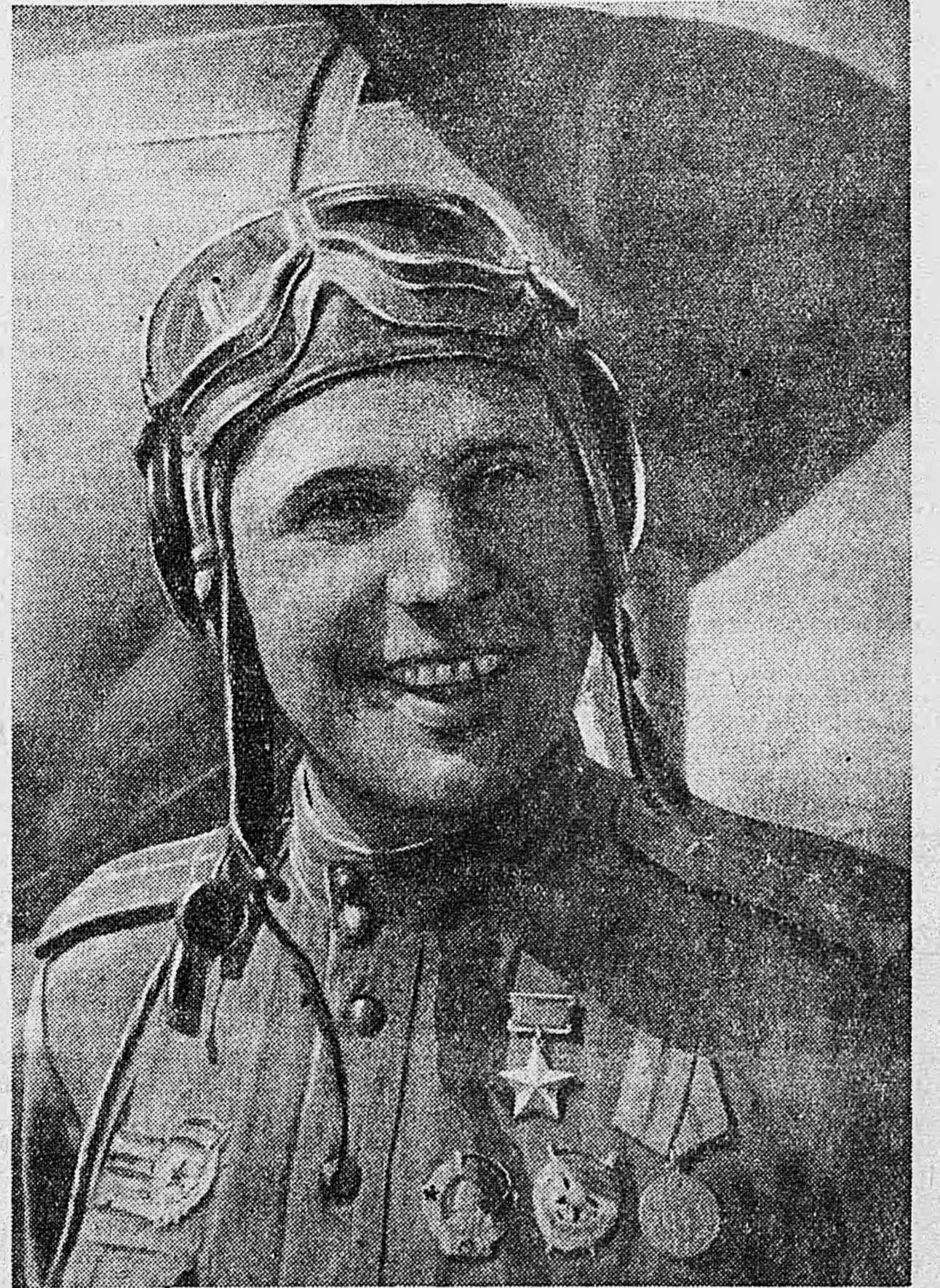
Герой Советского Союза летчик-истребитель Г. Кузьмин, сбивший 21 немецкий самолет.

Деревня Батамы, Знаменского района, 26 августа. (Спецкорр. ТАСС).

-*-

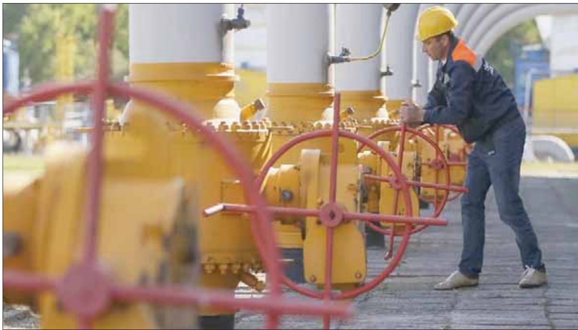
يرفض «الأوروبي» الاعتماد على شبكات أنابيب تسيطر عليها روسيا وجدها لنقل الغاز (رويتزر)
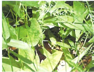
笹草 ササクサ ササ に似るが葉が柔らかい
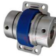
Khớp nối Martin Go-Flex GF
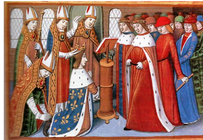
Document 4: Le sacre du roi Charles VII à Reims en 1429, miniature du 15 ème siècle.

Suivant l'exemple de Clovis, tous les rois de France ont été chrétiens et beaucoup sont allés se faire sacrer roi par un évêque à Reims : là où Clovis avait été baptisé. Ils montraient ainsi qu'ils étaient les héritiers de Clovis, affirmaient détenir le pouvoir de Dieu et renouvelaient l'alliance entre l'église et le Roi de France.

-*-

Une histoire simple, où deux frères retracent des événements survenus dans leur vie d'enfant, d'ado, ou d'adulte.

-*-

**Assignment**:
Nothing outside the stretch above, from the line with "لنقل الغاز (رويتزر)" through the line with "Suivant l'exemple de", is set down. Transcribe that stretch exactly, ends included, but not its pictures.

**Task output**:
يرفض «الأوروبي» الاعتماد على شبكات أنابيب تسيطر عليها روسيا وجدها لنقل الغاز (رويتزر)
笹草 ササクサ ササ に似るが葉が柔らかい
Khớp nối Martin Go-Flex GF
Document 4: Le sacre du roi Charles VII à Reims en 1429, miniature du 15 ème siècle.

Suivant l'exemple de Clovis, tous les rois de France ont été chrétiens et beaucoup sont allés se faire sacrer roi par un évêque à Reims : là où Clovis avait été baptisé. Ils montraient ainsi qu'ils étaient les héritiers de Clovis, affirmaient détenir le pouvoir de Dieu et renouvelaient l'alliance entre l'église et le Roi de France.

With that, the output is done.